As we dock at seven the next morning to begin the long drive back to London, I feel full of remorse, horribly fucked-up, and more ill than at any other time in my life. I finally collapse on the couch about midday, feeling like a victim of Crohn's disease, and pass out watching Emmerdale Farm.
One Saturday afternoon Kate and I return home to find that we have been robbed. Things are thrown about the steps that lead to our flat as if the burglar left in a hurry. In shock we walk through the place and note everything that has been taken, including valuable heirloom jewelry of Kate's. Oddly and symbolically, my Telecaster has not been taken but has in fact been played. It's propped up next to the little Fender Princeton amp, which hums quietly to itself, its red power light glowing like a watchful eye. I pick it up and play a couple of chords; it seems alright, but the word cunt fills my head anyway.
Soon after this event, having finally scraped enough money together, Kate and I move to a more spacious flat in Putney. Kate now works at Young & Rubicam as a copywriter and has written an award-winning ad for Smirnoff vodka, something along the lines of "Smirnoff won't make me an overnight sensation-that's alright, I'm busy tomorrow."
I sleep until eleven every morning, at which time Kate calls me and we exchange a few sweet words. Through Virgin, which seems to be our epicenter for everything, we make many friends and move in a crowd of likeminded people, in particular Martine and Anthony Moore from the band Slapp Happy. We become Tai Chi fanatics and go to the house of Master Chu three times a week, practicing "wave hands like clouds, single whip, needle at bottom of sea." Kate begins sessions with a Jungian analyst, and a few months later I follow; our conversations become laced with references to the shadow, archetypes, anima, animus.

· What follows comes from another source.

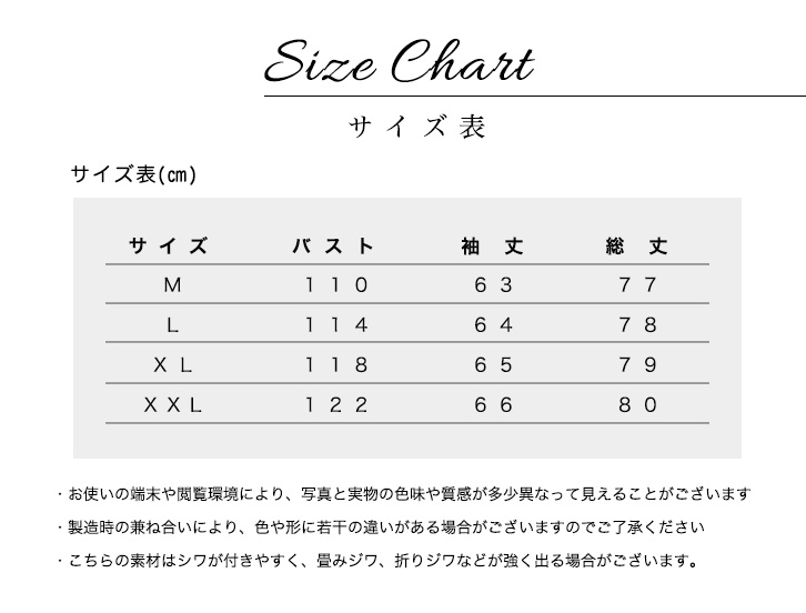Mサイズ/バスト110、袖丈63、総丈77
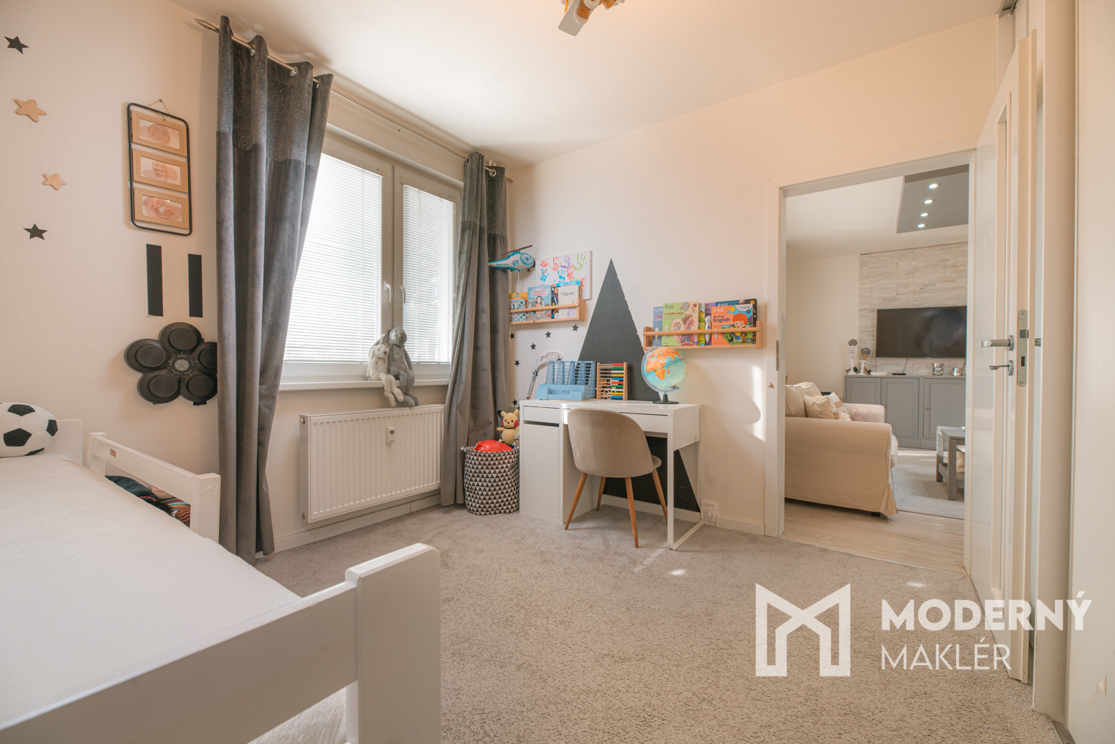 Byt sa skladá zo vstupnej chodby so šatníkom a komorou, ktorá poskytuje praktické úložné priestory hneď pri vchode. Nájdete tu samostatnú kuchyňu s oknom, ktorá zabezpečuje prirodzené osvetlenie a vetranie počas varenia. Obývacia izba má výstup na balkón a priamy vstup do detskej izby, čo vytvára príjemnú prepojenosť rodinných priestorov. Z chodby je prístup na samostatné WC a kúpeľňu s vaňou. Byt taktiež ponúka samostatný vstup do dvoch izieb - spálne a aktuálnej pracovne, ktoré poskytujú súkromie a funkčnosť pre odpočinok aj prácu. Nehnuteľnosť je orientovaná na východnú stranu.

We sink into London life and like most young couples gaze into the future, hoping for the best. Although some months it is a desperate struggle to get the mortgage payment, put up with the pissing rain, and struggle through dense traffic, it's okay because we are in the hub of the scene, surviving and surrounded by friends. We go on a package holiday to Tunisia and walk up and down the beach outside of Hammamet, talking about the future we want to share. But first I have to make it, break beyond this hired-gunplaying-in-bands mode. But it seems impossible. We walk back toward the hotel, kicking through waves and expanding our dreams.

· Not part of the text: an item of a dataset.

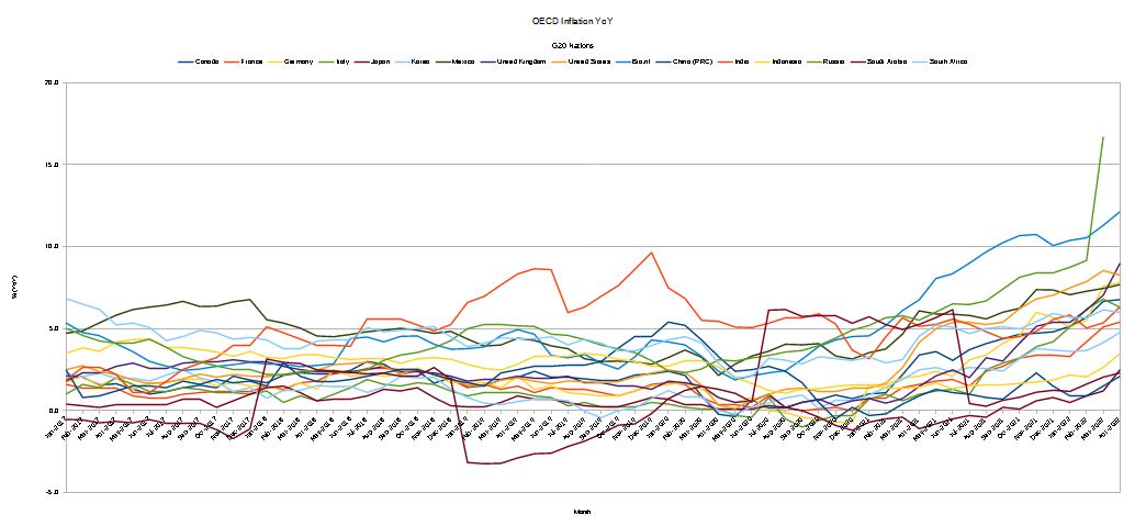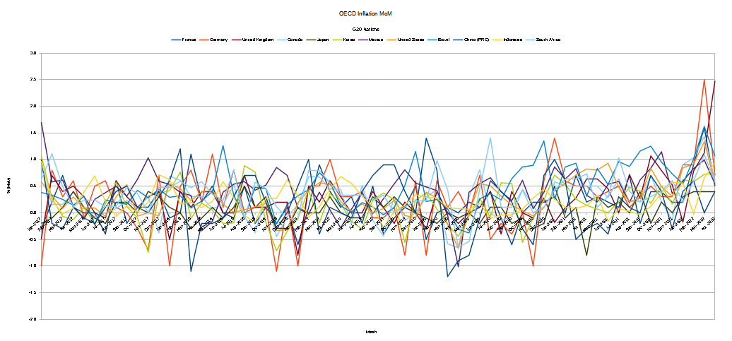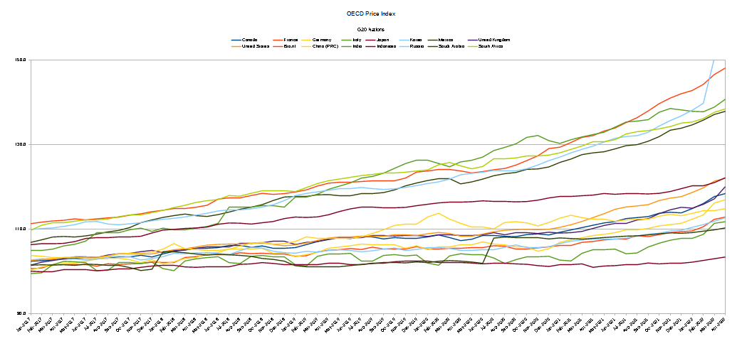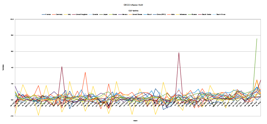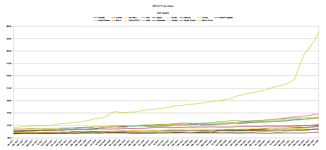 One of the few good things about entities such as the Organization for Economic Co-Operation and Development is that they are filled with bureaucrats who love to compile numbers—true manna from heaven for a geek like me who likes to look at numbers! Among the statistics the OECD makes available are the consumer price indices for the bulk of the G20 nations.

A small burnoose-covered man approaches us, insisting that we buy his carpet, and we get into a huge wrangling match full of jokes that neither side understands. "You are sheepstich man," he keeps telling me. Eventually we buy his carpet and he goes off, smiling and waving, and we go back to the hotel dance for tourists. The whole place is so weird; we get drunk and perversely dance with as many goofy holiday packagers as we can rather than with each other and then spend the rest of the night in our bedroom, howling with laughter and spluttering, "Sheepstitch man," as we pass out.